Andrea y la gran ocasión

Fernando de Haro

Andrea es ahora la que sabe, la que disfruta de un juego que siempre es nuevo, que siempre es diferente. Andrea entiende lo que nosotros no comprendemos: por qué los inocentes como ella sufren. Andrea es ahora la que ve cómo cada uno de sus dolores, cada una de sus lágrimas, cada una de sus risas ha sido recogida con una ternura infinita. Andrea es ahora la que ve, la que abraza desde el fondo de las cosas a su padre y a su madre.
Andrea ha ocupado la mente y el corazón de los españoles durante los últimos días. Murió la semana pasada a los 12 años, en el Hospital Clínico de Santiago. Sus padres habían solicitado que se le retirara el respirador y la alimentación que la mantenían viva. Los médicos no tomaron la decisión, fueron los jueces los que la autorizaron. Sufría una enfermedad degenerativa y no toleraba en los últimos meses el alimento que se le proporcionaba.
Ha habido mucho ruido. La izquierda ha clamado por una ley de “muerte digna”. La derecha, como es habitual, ha guardado silencio. La muerte, por mucho que se empeñen, nunca puede ser digna, estamos hechos para la vida. Se puede, eso sí, morir dignamente. Pero eso es otra cosa. Con las palabras hemos querido huir de un caso demasiado incómodo. Ha habido palabras en favor de la eutanasia. Han sonado oportunistas. Ha habido palabras que recordaban que la vida es sagrada desde su concepción hasta su fin natural. Estas últimas se han antojado insuficientes, pequeñas para la gran pregunta que nadie se atrevía a formular pero que, consciente o inconscientemente, ha mantenido el debate vivo desde un fondo silencioso. ¿Quién puede estar en pie junto al dolor de los inocentes? Es la cuestión de la que todos hemos huido. Todos la hemos respondido con prisa para evitar que nos quemara.
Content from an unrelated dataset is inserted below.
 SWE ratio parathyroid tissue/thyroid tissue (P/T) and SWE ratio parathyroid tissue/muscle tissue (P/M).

Unos han apagado el fuego en la lucha política y en la reivindicación, otros repitiendo principios.
Esta prisa, este huir hacia otras cosas, constituye una gran oportunidad. Andrea ha puesto de manifiesto que la tradición que en un tiempo nos sostenía en la vida y en la muerte se ha disuelto. En algunos momentos nos consolamos pensando que la moral será suficiente pero cuando la vida golpea sin silenciador se hace evidente que no tenemos el coraje, la fuerza o la seriedad que son necesarias para expresar las preguntas decisivas.
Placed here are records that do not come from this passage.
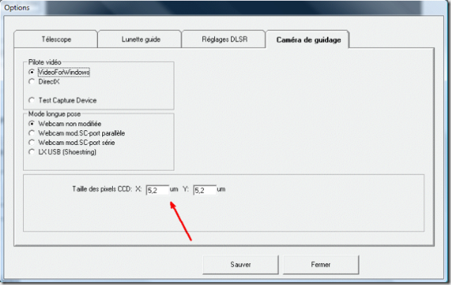 Sous « Taille des pixels CCD », indiquez la taille des pixels du CCD en microns.
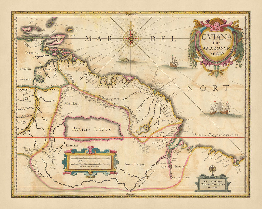 Old Map of Guiana the Amazon by Nicolaes Visscher II, 1690: Trinidad and Tobago, Suriname, Amapá, Pará, Guyana
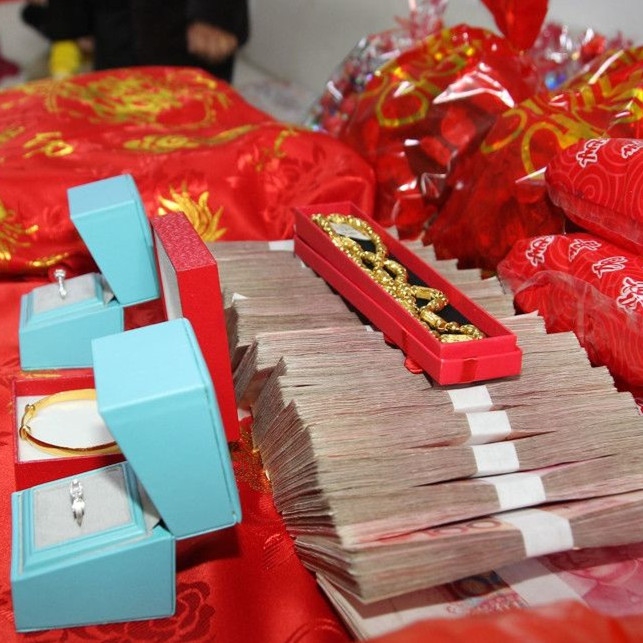 “万紫千红”是15万元,"一片绿"新郎可以看着给。15万元起步价的彩礼,足以让菏泽姑娘成为山东最"贵"的新娘。菏泽的彩礼一般是3斤3两,这里指的是100元钞票的重量,大约是14.35万元。现在又出现"万紫千红一片绿"。
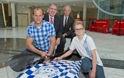 Zur Prämienübergabe und zum Fototermin mit Pressevertretern und Center-TV brachten Ben und Brigitte Verhoef gemeinsam mit Max ein fotogenes Wettkampfboot des Blau-Weiss in die Eingangshalle der Sparkasse KölnBonn. Um zu zeigen, welche Sportler beim Blau-Weiss von der Prämie profitieren werden, war auch Blau-Weiss Köln Jugendsprecher Tom Wielpütz mit dabei.

Esta debilidad, este límite, es también nuestra fuerza. Ahora, así, indigentes, somos bien conscientes de que la naturaleza, y la ley que de ella nace, es incapaz de hacernos compañía. Sabemos que solo nos sirven aquellos que por una extraña gracia (dice Péguy que la esperanza es la virtud que sorprende a Dios mismo) están en pie. Y estamos dispuestos a escuchar, sobre todo a mirar, a los que llevan décadas cuidando a los hijos discapacitados, a los que los acogen, aunque no sean suyos, a los que día y noche cuidan a los enfermos, a los que se muestran serenos en el dolor. Y queremos estar junto a ellos porque ahora sí, ahora que la promesa de la ética nos ha fallado, sabemos o quizás solo intuimos que con ellos aprenderemos respuestas que están a la altura de esas preguntas que ni siquiera nos atrevemos a formular. Ahora queremos estar al lado de aquellos para los que la verdad no se ha cristalizado en doctrina y nace de la carne.
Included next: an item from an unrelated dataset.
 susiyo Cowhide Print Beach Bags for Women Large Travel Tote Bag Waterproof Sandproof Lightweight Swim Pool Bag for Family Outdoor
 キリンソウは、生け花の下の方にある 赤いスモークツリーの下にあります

Hay quien insiste en que frente a tanta confusión - la de los que reclaman la eutanasia como solución, la de quien lucha por el reconocimiento del amor entre los homosexuales, la de los que quieren un hijo a su medida- hay que “decir la verdad”. Dígase, completa. La naturaleza y la razón decaen, equivocan el camino. Es un poco estúpido sorprenderse por ello. Pero con camino o sin camino, el deseo de amar y de ser amado, el deseo de felicidad y el deseo de justicia se mantienen siempre en marcha. La equivocación y la obstinación en la búsqueda de una respuesta nos dicen quiénes somos.
Una y otra hacen necesario que se vuelva a oír su voz, que sus ojos vuelvan a decir: “¡Bienaventurados los que lloran!”. Los que lloran escondidos en las sombras de la noche. Los que lloran a pleno día. Los que lloran. Bienaventurados.